President orders parliament back to work


President Mohamed Morsy has issued a decree ordering parliament to reconvene.

According to a number of sources the decree appears to be ambiguous. Whilst ordering the parliament back to work it appears to state that parliament will work only until a new constitution is agreed and then a new election will be held.

Reconvening parliament is a direct challenge to the Supreme Constitutional Court. The court had dissolved parliament on the grounds that the election earlier this year was improperly held because political parties had contested seats meant for independents. The president’s decree does not make it clear as to whether it is just that portion of the parliament involving seats for independents that will be subject to an election or whether it is the whole parliament.

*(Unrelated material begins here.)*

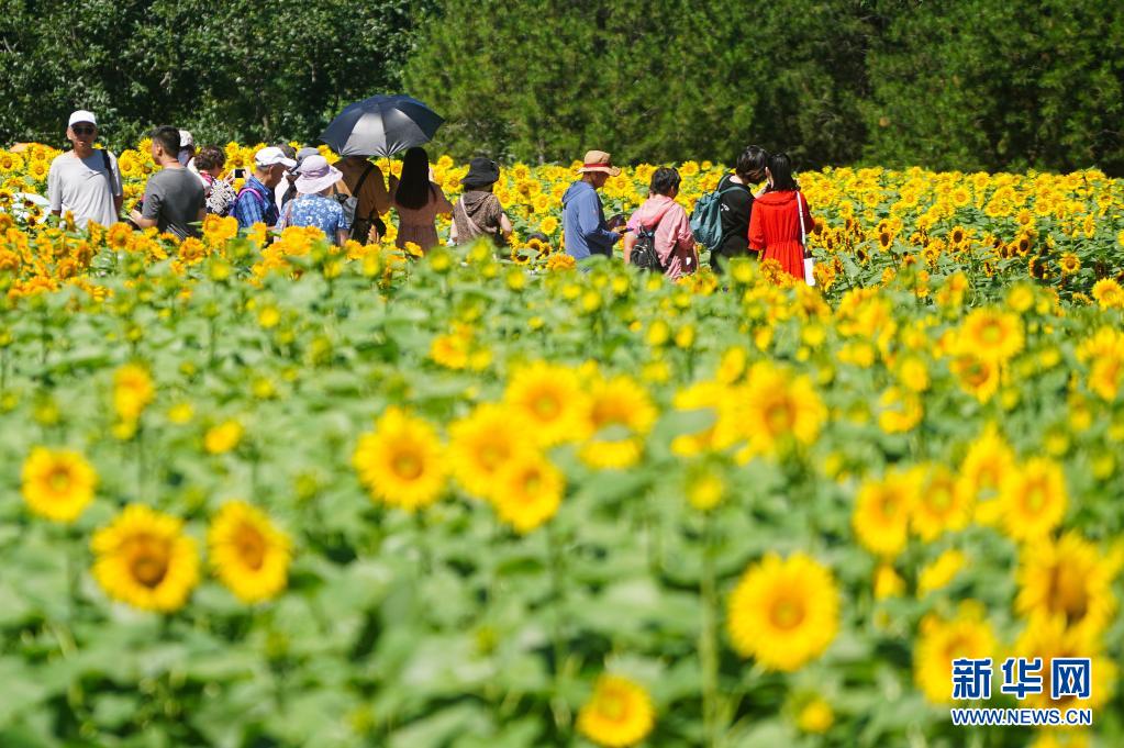 7月4日,游客在北京奧林匹克森林公園北園觀賞向日葵。

The move is also a direct challenge to the Supreme Council of the Armed Forces (SCAF), the body which has been running Egypt since the fall of President Mubarak’s regime last year. It is questionable whether President Morsy has the powers to issue such a decree, but then the powers taken by SCAF were equally questionable.

Last night the judges held an emergency meeting as did SCAF although there was no immediate reaction beyond that. One newspaper is reporting that a military spokesman said that the generals had been given no warning of the decree.

Reaction to the president’s move was mixed. The Muslim Brotherhood’s political wing, the Freedom and Justice Party (FJP) welcomed the move as did the coalition of revolutionary youth groups. Some secular parties have decided not to attend parliament and some have described the move as a reckless confrontation with the military.

If the parliament does reconvene there is also a question mark as to whether any laws passed in the interim period will be constitutional.